* **WHAT IS BEING ASKED**: In the entries below, begin at the line that has "Phát biểu chỉ", stop after the line that has "Notable instruments include", and output those lines exactly with no pictures.

+-------+

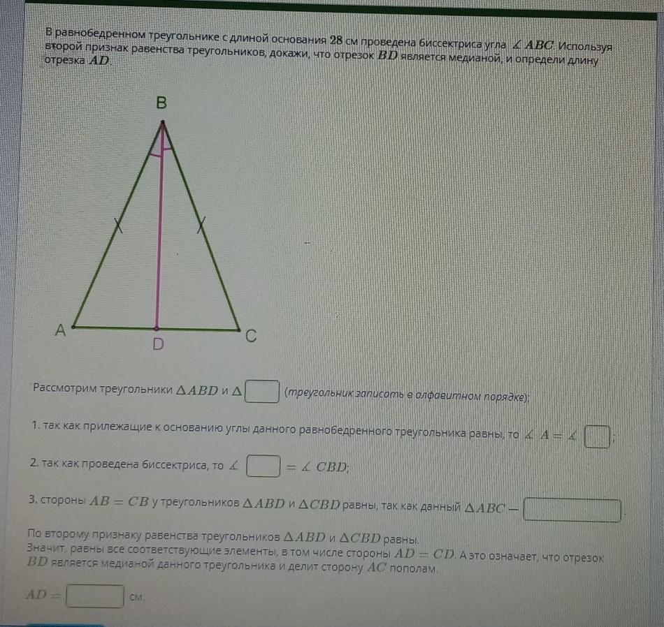В равнобедренном треугольнике длина основания 28 см проведена биссектриса угла ABC используя второй признак равенства треугольников, докажите, что отрезок BD является медианой и определи длину отрезка AD
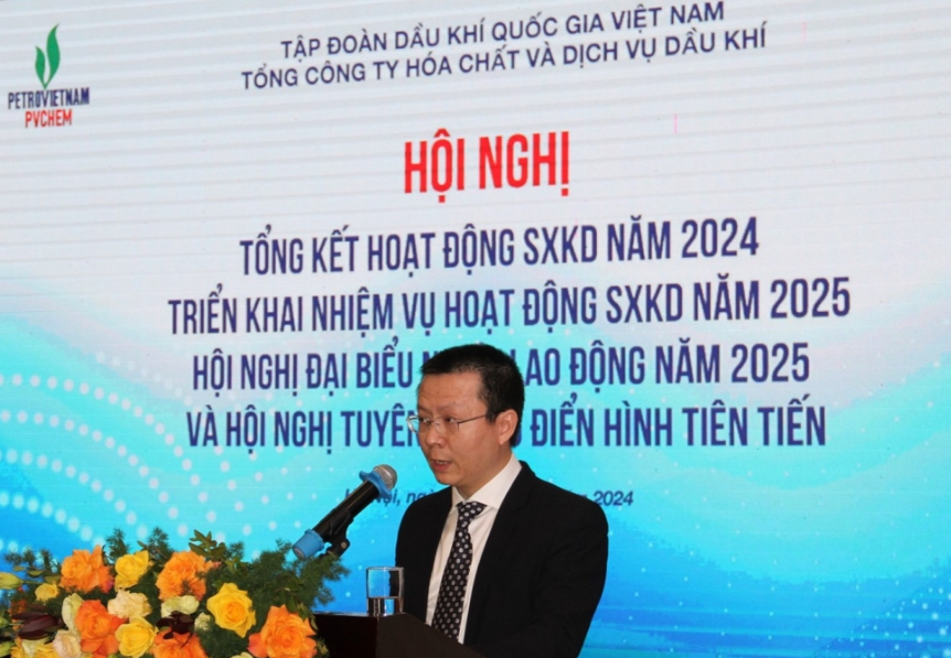 Phát biểu chỉ đạo tại Hội nghị, ông Bùi Minh Tiến - Uỷ viên Ban thường vụ Đảng uỷ, Thành viên HĐTV Tập đoàn ghi nhận những nỗ lực ổn định hoạt động sản xuất kinh doanh của PVChem trong năm 2024, sự thẳng thắn nhìn nhận những vấn đề còn tồn tại, khó khăn trong hoạt động quản trị, sản xuất kinh doanh của Tổng công ty. Thay mặt lãnh đạo Tập đoàn, ông Bùi Minh Tiến thông báo đến toàn thể CBCNV của PVChem các thành tựu trong sản xuất kinh doanh của toàn Tập đoàn trong năm 2024 – một dấu mốc đặc biệt của Tập đoàn khi đạt doanh thu trên 1 triệu tỷ VNĐ trong bối cảnh giá dầu giảm so với năm 2023 và những kế hoạch, phương hướng, nhiệm vụ và Chiến lược của Tập đoàn trong thời gian tới.
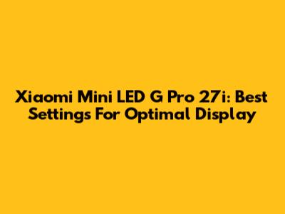 Xiaomi Mini LED G Pro 27i: Best Settings For Optimal Display
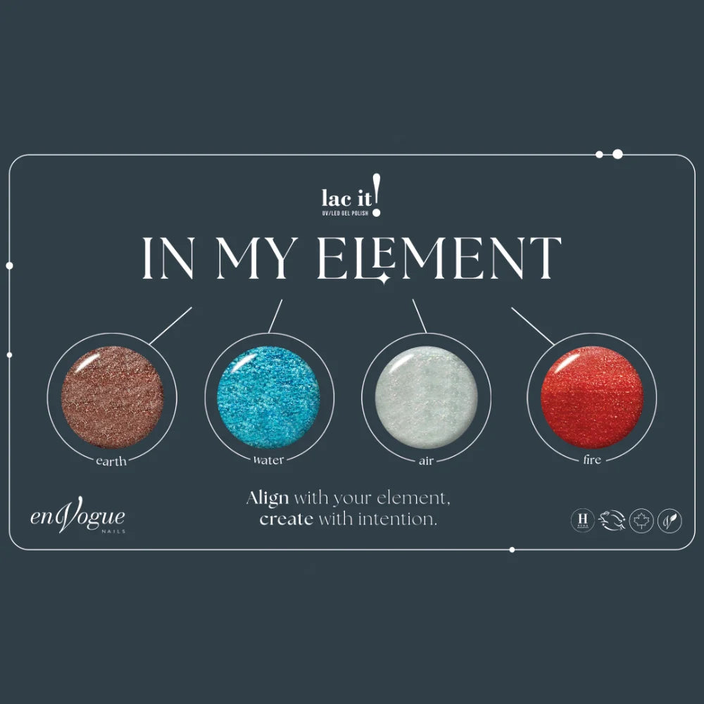 Written in the stars, reflected on your nails. In perfect alignment with the season, en Vogue Nails introduces the lac it! fall/winter collection, "In My Element" - a collection of four new elemental shades designed to channel the energy of Earth, Air, Fire, and Water.
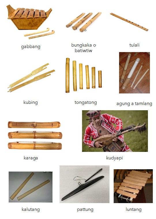 Notable instruments include the gabbang (bamboo xylophone), the kudyapi (wooden lute), and various bamboo stamping tubes like the Tongatong and Agung a tamlang. Wood was also used for clappers, log drums, and in the construction of artistic pieces such as ceremonial staffs and burial jars.
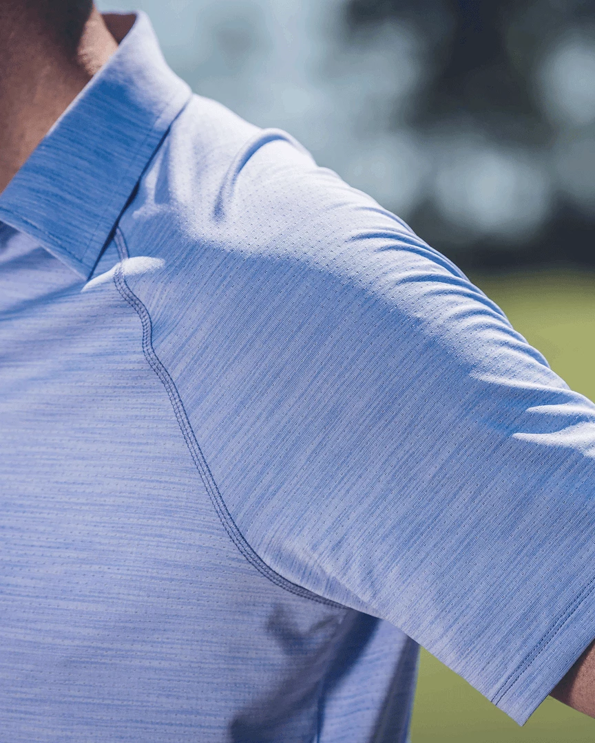 Made for the links but ready for anything, this performance polo is designed to keep you looking sharp and feeling comfortable on or off the beaten cart path. Constructed with tour-quality fabrics and outfitted with pro-level technologies to wick away moisture and sweat and maximize mobility, it will never get in the way of your golf swing. Heathered look with micro-feeder stripes. Traditional three-button front placket; raglan sleeves. Rubberized MadeFlex performance patch logo at center back neck. Tailored athletic fit.
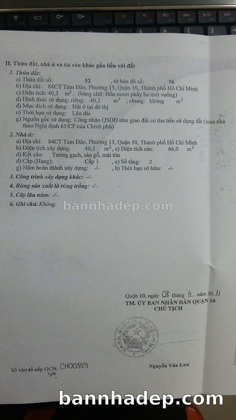 Bán nhà 84CT Tam Đảo phường 01 quận 10

+-------+

* **SOLVED EXERCISE**:
 Phát biểu chỉ đạo tại Hội nghị, ông Bùi Minh Tiến - Uỷ viên Ban thường vụ Đảng uỷ, Thành viên HĐTV Tập đoàn ghi nhận những nỗ lực ổn định hoạt động sản xuất kinh doanh của PVChem trong năm 2024, sự thẳng thắn nhìn nhận những vấn đề còn tồn tại, khó khăn trong hoạt động quản trị, sản xuất kinh doanh của Tổng công ty. Thay mặt lãnh đạo Tập đoàn, ông Bùi Minh Tiến thông báo đến toàn thể CBCNV của PVChem các thành tựu trong sản xuất kinh doanh của toàn Tập đoàn trong năm 2024 – một dấu mốc đặc biệt của Tập đoàn khi đạt doanh thu trên 1 triệu tỷ VNĐ trong bối cảnh giá dầu giảm so với năm 2023 và những kế hoạch, phương hướng, nhiệm vụ và Chiến lược của Tập đoàn trong thời gian tới.
 Xiaomi Mini LED G Pro 27i: Best Settings For Optimal Display
 Written in the stars, reflected on your nails. In perfect alignment with the season, en Vogue Nails introduces the lac it! fall/winter collection, "In My Element" - a collection of four new elemental shades designed to channel the energy of Earth, Air, Fire, and Water.
 Notable instruments include the gabbang (bamboo xylophone), the kudyapi (wooden lute), and various bamboo stamping tubes like the Tongatong and Agung a tamlang. Wood was also used for clappers, log drums, and in the construction of artistic pieces such as ceremonial staffs and burial jars.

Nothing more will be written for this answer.